I shut down my browser and leaned back in my chair, dragging a hand down my face. These people were talking like they’re experts on something that probably didn’t even exist! I couldn’t be buying into any of that crap, I thought as I dragged myself upright and out of my office. I just needed a nice hot shower and some coffee to get my head on straight.
I’d barely made it up the stairs before I had the distinct, unnerving feeling that I was being watched. I started to turn to glance back down at the foyer.
They only attack people when the person is by themself and only when you look at them.
I froze. Every instinct in me said complete the turn, assess the danger! But I kept picturing those drawings with their sunken faces and yellow eyes and I couldn’t do it. Even when the bottom step squeaked as if someone (or something) had climbed on it, I couldn’t look.
“Stinker!” I shouted as I dove headlong into my bedroom and kicked the door shut behind me.
Even if I didn’t really believe the small spider would come to my call, it was nice to be reminded it was in the house at all.
When I emerged some time later, it was with my head down and my hands around my eyes and I made a stumbling mad dash for the front door. Once inside my car, I looked up the nearest pet store on my phone and sped all the way there.
I hated spiders, always had, so I had never expected to find myself standing in front of a series of terrariums, trying to figure out which of the half dozen tarantulas I wanted to take home. They were all already on the larger side, each as creepy as the last, and I had no idea what would make one better than the other.

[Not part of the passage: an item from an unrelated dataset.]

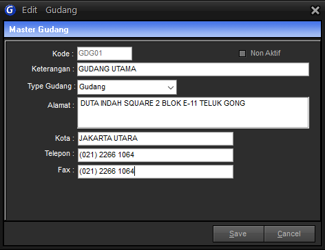 ** Apabila data gudang sudah tidak digunakan, jangan dihapus namun di nonaktifkan.

A little girl was standing next to me, also staring at the spiders while her mom was talking to a nearby sales associate. She was humming, smiling, completely unafraid of the arachnids in front of her.
“Hey,” I said, trying my best to sound friendly, “you like spiders?”
She glanced up at me and nodded once shyly.
“If you had to pick one of these, which do you think is the queen?”
The little girl eyed me for another moment and then turned back to the tarantulas. She considered each closely, her face almost pressed against the glass of their enclosures, until finally, she pointed to the one in the lower left corner. It was the largest one they had.
“Her,” she said confidently.
Two hours later, after a crash course on keeping a spider by one of the sales girls, I was home and setting up my new pets home in the corner of my office. I was careful not to touch her as I opened her box and let her crawl out into her terrarium. She was unhurried about it and just having my hands so close to her made my skin crawl. I hoped this would be worth it.
While she acclimated, I took a seat at my desk and tried to distract myself from the fact that there was a huge spider mere feet from me with work.
I did look over at her from time to time, mostly to make sure she hadn’t escaped, and, at one point, saw a familiar small critter crawling along the side of her tank.
It seemed Stinker had accepted his new queen, and others would soon follow.
Spider sightings at my house, especially in my office, became a fairly regular thing. I was still a bit creeped out by them, but we seemed to have a mutual understanding: just leave each other alone and all will be well. The only one I interacted with at all was Majesty, my tarantula, and even that was limited to cleaning her enclosure and feeding her. For the most part, she just liked to watch me from within a little rock cave I’d gotten her.
And she wasn’t the only one watching.
Sometimes, the hair on the back of my neck would start to rise slowly and the cold certainty that something was behind me would set off all my internal alarms, but I never turned. I just kept my head down, kept doing what I was doing, and I’d wait for it to pass. It never took long.
I knew that it, whatever it was, a lurker, a creeper, the not nice, was biding its time, waiting for a time when the spiders wouldn’t be there.
But every time that watched feeling faded and I was able to look over my shoulder again, there was always at least one little stinker sitting contentedly on the floor behind me and I was grateful for my house of spiders.